SMITH, Circuit Judge.

In July 2008, Feed Management Systems, Inc. (FMS) and Comeo Systems, Inc. (“Comeo”) entered into an agreement (“Management Agreement”). Among other things, the Management Agreement obligated Comeo to broadly indemnify FMS as well as reimburse FMS for reasonable costs and expenses, including attorneys’ fees. After Comeo refused to indemnify FMS in a lawsuit involving non-parties Brilliant Alternatives, Inc. and Robert Brill (collectively, “Brill”), FMS sued Com-eo for reimbursement of attorneys’ fees and other expenses that resulted from the lawsuit. FMS and Comeo filed cross-motions for summary judgment. The district court 2 granted both motions in part. FMS and Comeo each appeal. We affirm.

I. Background

Before entering into the Management Agreement, FMS and Comeo each had dealings with Brill. In January 2008, Comeo entered into an agreement with Brill (“Comco-Brill Agreement”) to acquire Brill’s rights to certain software products related to animal feed management and an international distribution network of sales agents. During the Comco-Brill Agreement negotiations, and after its execution, FMS defended itself in litigation filed against it by Brill. Comeo entered the Comco-Brill Agreement, in part, to assume control of the litigation. In return for control over the litigation and the acquisition of Brill’s above-listed rights, Comeo agreed to market and distribute the software and pay Brill royalties and a contractor fee.

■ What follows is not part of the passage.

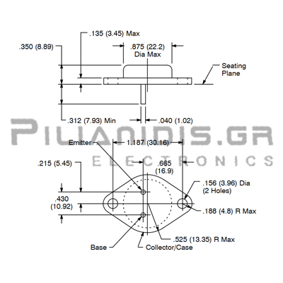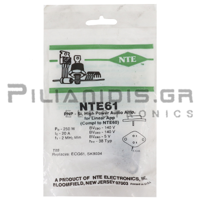Transistor PNP Vceo:-140V Ic:-20A Pc:250W 2MHz TO-3

In exercising its control over the ongoing litigation between FMS and Brill, Comeo took over settlement negotiations with FMS from Brill. During the negotiations, FMS and Comeo discussed the potential for a business relationship. Ultimately, the settlement discussions resulted in the Management Agreement. As part of the Management Agreement, Comeo “appointed] FMS ... to render management services to [Comeo] pursuant to the terms of [the Management] Agreement.” These management services included (i) “billing, collecting, and paying the agents which comprise the [distribution [network,” and (ii) “providing work direction to Brill ... in order to enable Brill to fulfill [its] obligations under the [Comco-Brill] Agreement.” Unsurprisingly, because of its history with Brill, FMS insisted on broad protections against any litigation that Brill might bring. To address this concern, the Management Agreement required Comeo to indemnify FMS

from and against any and all losses, costs, expenses, claims, damages and liabilities whatsoever ... to which [FMS] may become subject under any applicable law, or any claim made by any third party, or otherwise, to the extent they relate to or arise out of or in connection with the performance of the Services contemplated by this Agreement or the engagement of FMS pursuant to, and the performance by FMS of the Services contemplated by, this Agreement.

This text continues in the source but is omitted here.